Dana found this little guy on day one.

Without a doubt the coolest place I will ever play soccer... too bad I'm so awful at it.

The first visible ruins on the Inca Trail for us

Our first campsite

What a difference a day makes. Day two is known as the toughest, and boy it did not disappoint. With over 5000 feet worth of incline and another 3000 down to our scheduled camp for the night, the second hiking day was brutal. A few things become apparent on this day’s hike. One, you will be drenched in sweat only minutes after beginning your hike. Two, the altitude here is no joke. Getting to the top of Dead Women’s pass at 13,000 feet is like walking up ten flights of stairs while holding your breath. The final observation is that not all tour groups are created equal. Let me tell you something: When cheery European kids (18ish?) on their gap year waltz by you because they’ve paid three times what our tour costs and don’t have to carry ANY of their own equipment… well I challenge you to not try and stick your foot out the next time one is about to pass you (kidding. But only kind of). Now why don’t they have to carry any of their own equipment, you ask? What a perfect segue into the realm of the Porter.

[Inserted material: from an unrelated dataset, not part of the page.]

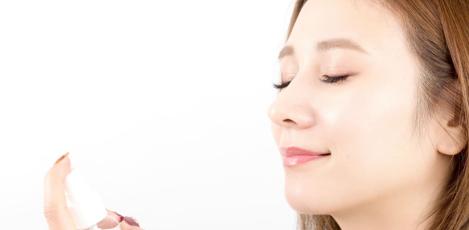 - 顔から15~20cmほど離し、目と口を閉じて、適量(3~4プッシュ)をお肌に直接スプレーします。

Porters are the special group of men who carry all the equipment necessary for the hike: food, tents, cookware, etc. A little over a decade ago, these men were exploited to carry insane amounts of equipment and receive next to nothing in payment. The Peruvian government then instituted a new series of laws to limit the amount that porters can carry along with minimum payment requirements. I’ve seen a lot of interesting people on this trip, and Peruvian porters rank right near the top. Waves of them whiz by during the hike, only unlike the Euro gap year kiddies they have 50 lb+ bags of gear strapped to them. To top it all off, they often wear simple sandals that look like flip flops. To see the pace that they attack the trail is nothing short of astonishing. My ankles would be shattered into millions of pieces were I to try to descend the stone steps of the Inca trail as fast as them. I will never again complain about a job again without taking a moment to appreciate what these guys do for a living.

A porter as seen on the Inca Trail. (Aside his poor choice in NFL teams, a very special type of person)

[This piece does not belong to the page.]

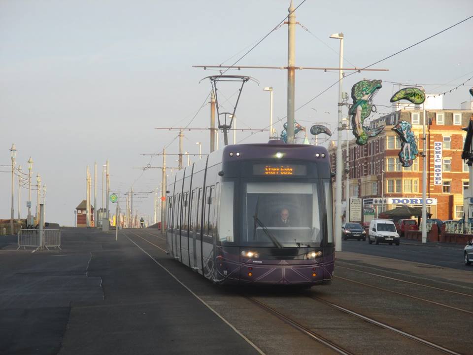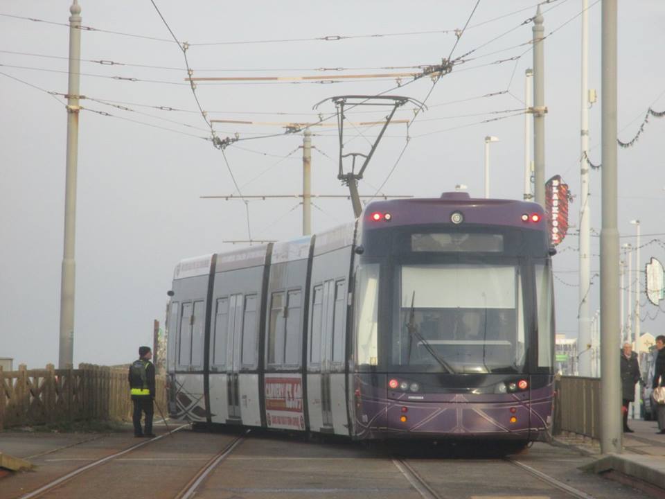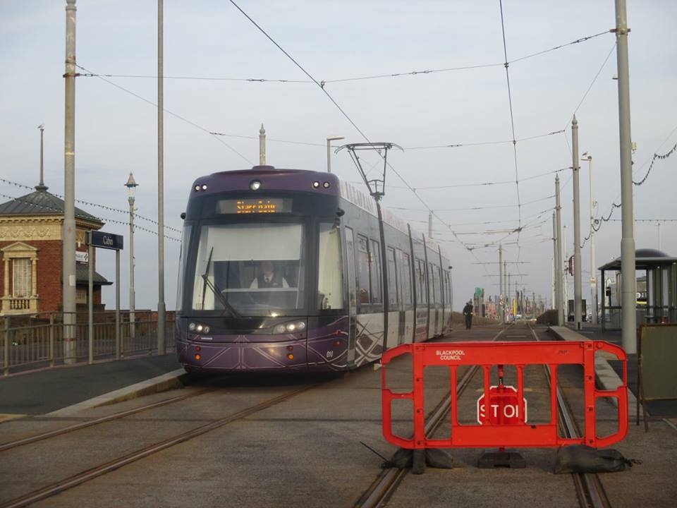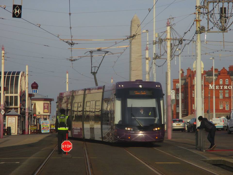 Winter in Blackpool traditionally means work on the infrastructure, and this has been true so far of winter 2016/17. Some track repair works on Monday 5th December meant that, for a few hours, single-line working was enforced between North Pier and Cabin. Although only the modern LRT trams were in service that day this still presented some novel riding and photographic opportunities.

A curious donkey seen at the beginning of Day 2


While proud of our accomplishment, we were pretty beaten up at 13,000 feet.

Dana checking out what we just completed


Our campsite on Day 2, as we descended from Dead Woman's Pass

Campsite on Day 2

Day 3 was supposed to be a moderately strenuous day of hiking. Well, it would’ve been, had it decided not to rain. Yep, the rain came down for most of the day, making the trail very slick. The stone steps were a royal pain to walk on, always having to check your footing so there was no chance of slipping. Normally I’m the clumsy one, but Dana had a few moments of slipping on the rocks, leading to a famous exchange between her and myself that was capped off with this quote directed towards me: “The next big city we get to, we’re going to a McDonald’s, and I’m ordering whatever I want, AND I’M NOT SHARING!” I don’t know what that had to do with slipping on the rocks, but whatever made her feel better at the time. The gigantic silver lining came within the last half hour of the hike. Rounding a corner, we had our first breathtaking glimpse of what was in store for us once we reached Machu Picchu. The green peaks were bathed in low-lying clouds, and the canyon seemed to go down forever. The view definitely made all of the rough patches the past days disappear.

Ruins from Day 3

The view was incredible

An unbelievable backdrop

The view from the ruins to our final campsite

It was a lot of hard work, but we did it!

Only one more day remained, the final hike through the Sun Gate and into the lost city of Machu Picchu. We had a wake up of 3 am for the big day, so it was time to get some sleep and rest up for the final leg of the journey.